▶ _AIM OF THE TASK_
A faithful transcription of all the entries below is needed, without the pictures.

▶ _TASK MATERIAL_
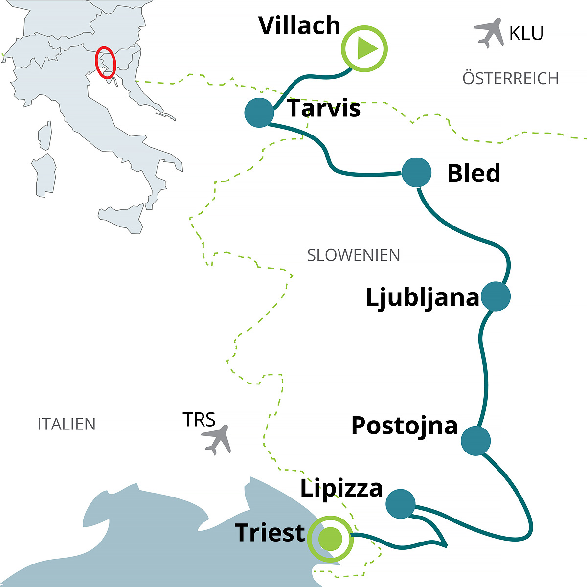 Cyklostezka Alpe Adria, která prochází Slovinskem, má určitě co nabídnout. Kromě nádherné přírody, jezer a hor nabízí možnost navštívit také řadu zajímavých měst. Na této cestě z hor k moři poznáte Villach, Tarvisio, Bled, Lublaň, Postojnu, Lipicu a Terst. Nedříve zavítáte do Tarvisia, italského pohraničního města, poté pojedete směrem na Slovinsko, kde strávíte první noc u pohádkového jezera Bled na úpatí Julských Alp. Objevíte také světoznámé krápníkové jeskyně Postojna a vesnici Lipicu, vyhlášenou chovem jezdecko-kočárových koní lipicánů již od 16. století. Poslední den pojedete na kole směrem k bývalému habsburskému přístavnímu městu Terst.
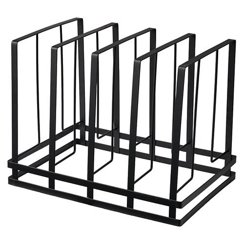Sturdy metal frame Bakeware Sorter: - Safely stores, organizes and protects bakeware and cutting boards. - Dimensions: 13 in W x 8.97 in D x 10.11 in H
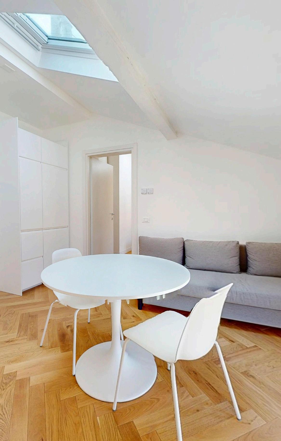 Il soggiorno si apre come un salotto aereo: soffitti alti con travi a vista, luce che filtra dai velux automatizzati, tonalità calde del parquet a spina italiana. Una zona pensata per rilassarsi, leggere, intrattenere o semplicemente osservare il cielo. L’arredo integrato valorizza gli spazi e amplifica il senso di armonia.
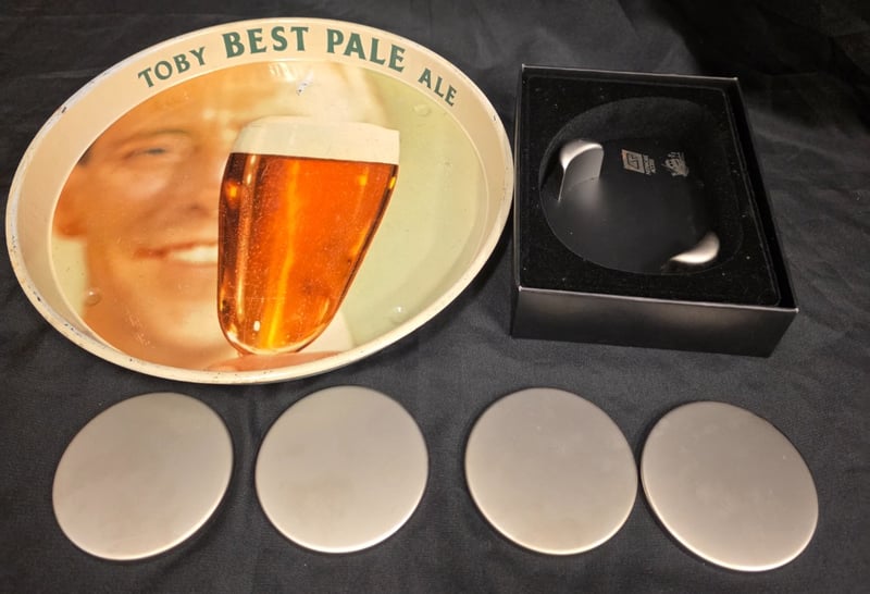 Includes Toby Best Pale Ale Charrington Serving Platter, Network Access Four Metal Coasters Set
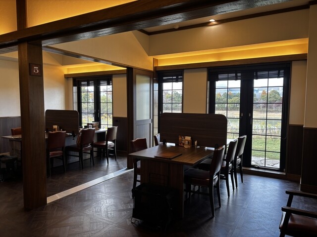 以前から気になっていたこちらのお店でランチをいただきました。窓からは自然の景色が見えて、明るい店内は広々としていました。
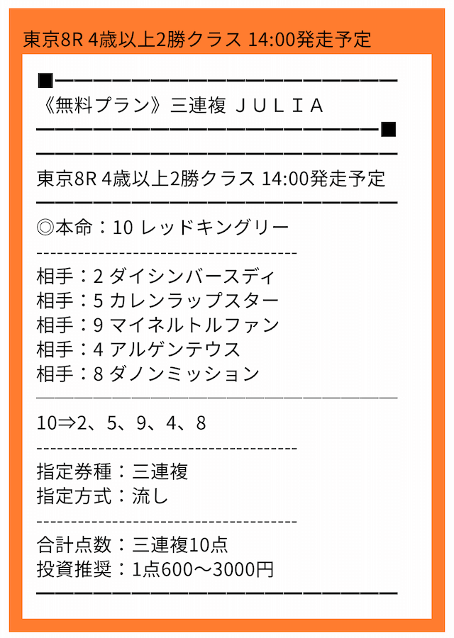 無料予想は得意・不得意がなく、オールラウンダーの活躍。
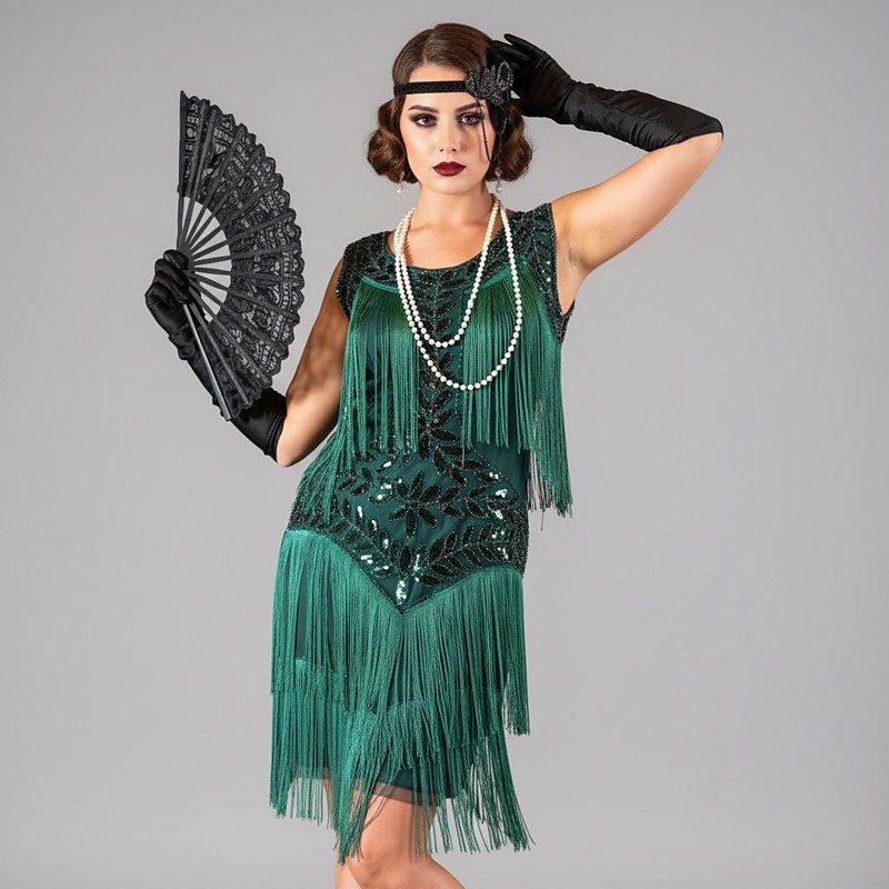 Set with Flapper Dress Feather Headband Long Opera Gloves Necklace Earings Cigarette Holder Women's Roaring 20s 1920s Flapper Girl Cocktail Masquerade Outfits The Great Gatsby Costume

▶ _SOLUTION_
 Cyklostezka Alpe Adria, která prochází Slovinskem, má určitě co nabídnout. Kromě nádherné přírody, jezer a hor nabízí možnost navštívit také řadu zajímavých měst. Na této cestě z hor k moři poznáte Villach, Tarvisio, Bled, Lublaň, Postojnu, Lipicu a Terst. Nedříve zavítáte do Tarvisia, italského pohraničního města, poté pojedete směrem na Slovinsko, kde strávíte první noc u pohádkového jezera Bled na úpatí Julských Alp. Objevíte také světoznámé krápníkové jeskyně Postojna a vesnici Lipicu, vyhlášenou chovem jezdecko-kočárových koní lipicánů již od 16. století. Poslední den pojedete na kole směrem k bývalému habsburskému přístavnímu městu Terst.
Sturdy metal frame Bakeware Sorter: - Safely stores, organizes and protects bakeware and cutting boards. - Dimensions: 13 in W x 8.97 in D x 10.11 in H
 Il soggiorno si apre come un salotto aereo: soffitti alti con travi a vista, luce che filtra dai velux automatizzati, tonalità calde del parquet a spina italiana. Una zona pensata per rilassarsi, leggere, intrattenere o semplicemente osservare il cielo. L’arredo integrato valorizza gli spazi e amplifica il senso di armonia.
 Includes Toby Best Pale Ale Charrington Serving Platter, Network Access Four Metal Coasters Set
 以前から気になっていたこちらのお店でランチをいただきました。窓からは自然の景色が見えて、明るい店内は広々としていました。
 無料予想は得意・不得意がなく、オールラウンダーの活躍。
 Set with Flapper Dress Feather Headband Long Opera Gloves Necklace Earings Cigarette Holder Women's Roaring 20s 1920s Flapper Girl Cocktail Masquerade Outfits The Great Gatsby Costume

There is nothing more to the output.